Scientists found the world’s fourth most abundant mineral in diamond

Earth’s oceanic crust, world's fourth most abundant mineral, calcium silicate perovskite, University of Alberta

Scientists discovered a sample of perovskite, the world's fourth most abundant mineral, locked in a diamond unearthed from the Cullinan Mine in South Africa. Diamonds from the mine have high scientific value because they offer insights into the deepest parts of Earth’s core. (Photo: Petra Diamonds)
Scientists discovered a sample of perovskite, the world's fourth most abundant mineral, locked in a diamond unearthed from the Cullinan Mine in South Africa. Diamonds from the mine have high scientific value because they offer insights into the deepest parts of Earth’s core. (Photo: Petra Diamonds)

For the first time ever, scientists at the University of Alberta have discovered Earth’s fourth most abundant mineral—calcium silicate perovskite, at Earth’s surface.

Scientists found the calcium silicate perovskite within a diamond mined from less than one kilometer beneath the Earth’s crust, at South Africa’s famous Cullinan Mine, best known as the source of two of the largest diamonds in the British Crown Jewels.

Those diamonds are not only commercially valuable but also the most scientifically valuable to highlight and provide deep insight on the deepest parts of Earth’s core.

Graham Pearson, a professor in the University of Alberta’s Department of Earth and Atmospheric Sciences said, “Nobody has ever managed to keep this mineral stable at the Earth’s surface. The mineral is found deep in Earth’s mantle, at 700 kilometers.”
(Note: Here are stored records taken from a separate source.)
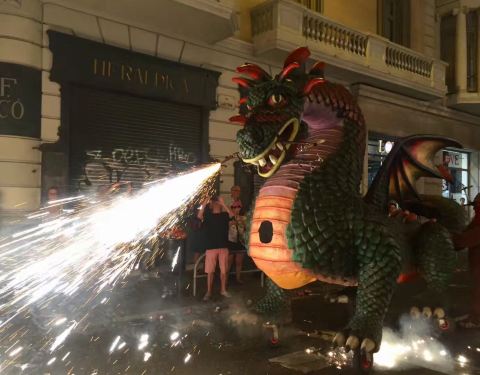 这次真的非常巧刚好遇到每年的9月20号是巴塞罗那的重大节日。圣母梅尔塞节。真的是特别的热闹呀。晚上在这里有最著名的烟花狂奔活动。真的是恶魔出行哦。烟花世界。建议大家一定要注意穿好长袖长裤最好避免穿一些化纤的衣服的,否则烟花爆到衣服上就是一个小洞哦。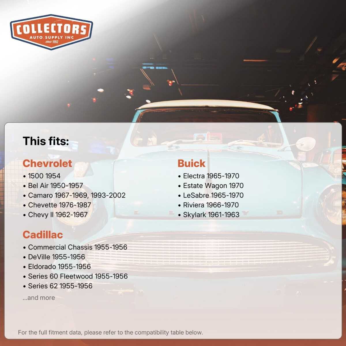 This auto part is covered by Collectors Auto Supply's three-dimensional promise — you'll get the right part the first time, you can talk to us, and with over 25 years in business and 100,000+ customer transactions, you can trust us to be the right choice to fuel your passion.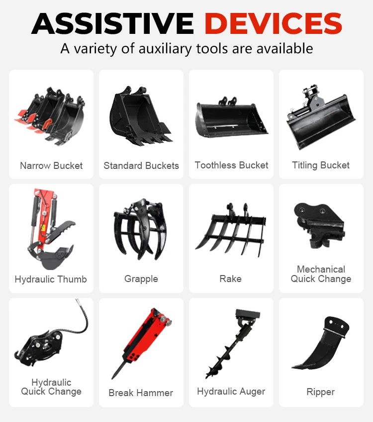 Our mini excavator has many accessories to choose from.Meet your more work needs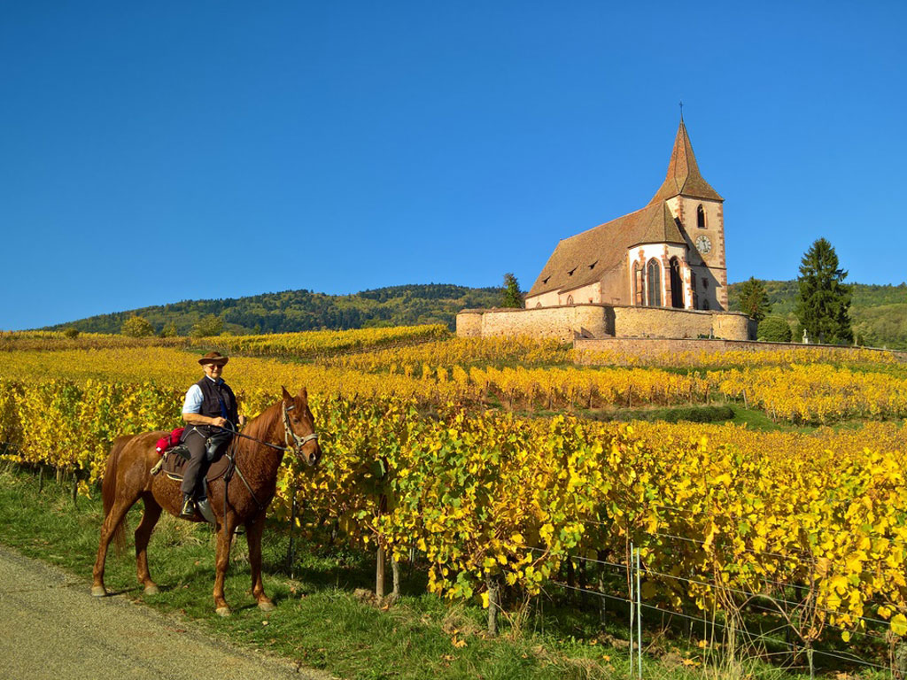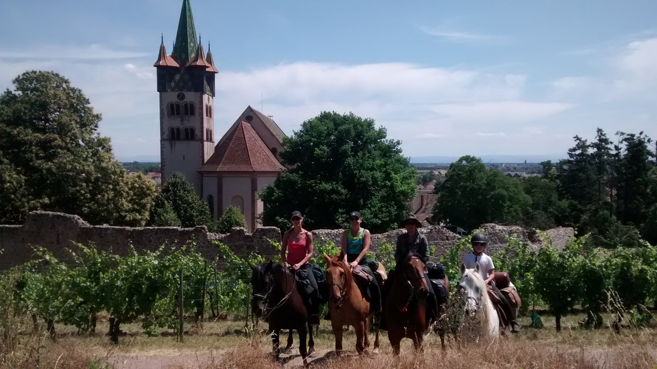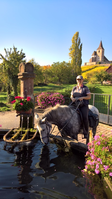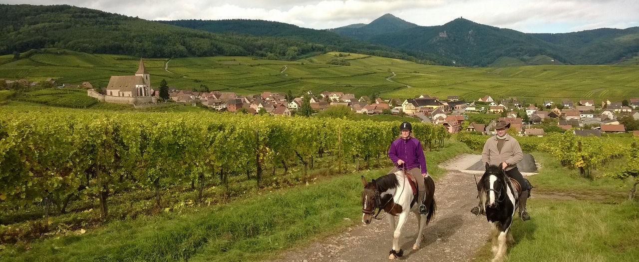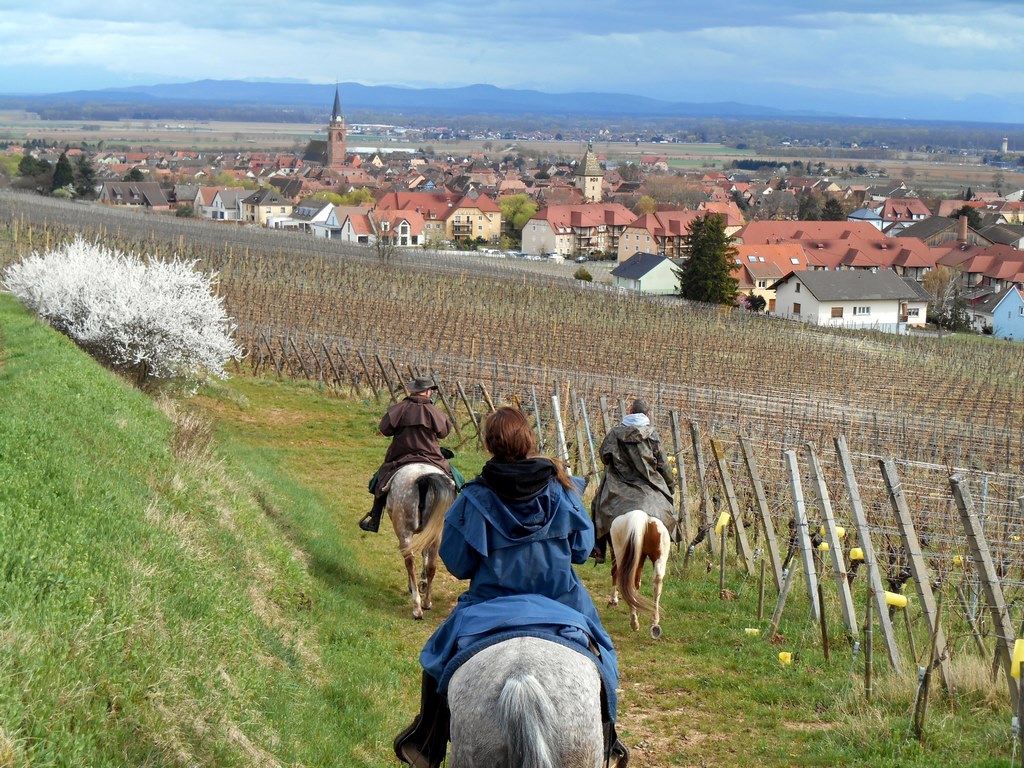 Vous aurez l’occasion de traverser les plus beaux villages d’Alsace (Riquewihr, Eguisheim, Ammerschwihr, Bergheim…) avec leurs maisons à colombages abondamment fleuries et les jolies fontaines en grès toujours bienvenues pour abreuver les chevaux. N’hésitez pas à vous arrêter faire des dégustations chez les viticulteurs !

“The only possible way of preserving this mineral at the Earth’s surface is when it’s trapped in an unyielding container like a diamond. Based on our findings, there could be as much as zettatonnes (1021) of this perovskite in deep Earth.”

“The particular diamond in question would have sustained more than 24 billion pascals of pressure, equivalent to 240,000 atmospheres. The diamond originated roughly 700 kilometers below Earth’s surface, whereas most diamonds are formed at depths of 150 to 200 kilometers.”

“Diamonds are really unique ways of seeing what’s on the Earth. And the specific composition of the perovskite inclusion in this particular diamond very clearly indicates the recycling of oceanic crust into Earth’s lower mantle. It provides fundamental proof of what happens to the fate of oceanic plates as they descend into the depths of the Earth.”

He said the discovery once again highlights the uniqueness of diamonds being able to preserve things we otherwise would never be able to see.

The diamond discovered in a mine in South Africa contained perovskite, which meant it originated more than 700 km beneath Earth's surface. (Images courtesy Petra Diamonds)
The diamond discovered in a mine in South Africa contained perovskite, which meant it originated more than 700 km beneath Earth’s surface. (Images courtesy Petra Diamonds)

“And it’s a nice illustration of how science works. That you build on theoretical predictions—in this case, from seismology—and that once in a while you’re able to make a clinching observation that really proves that the theory works.”

A standout amongst other known precious stone specialists on the planet, Pearson was additionally behind the major 2014 revelation of ringwoodite—Earth’s fifth most plenteous mineral—in a jewel that indicated a tremendous supply of water bound to silicate shakes in Earth’s mantle.

The study, “CaSiO3 Perovskite in Diamond Indicates the Recycling of Oceanic Crust Into the Lower Mantle,” will be published in the March 8 issue of Nature.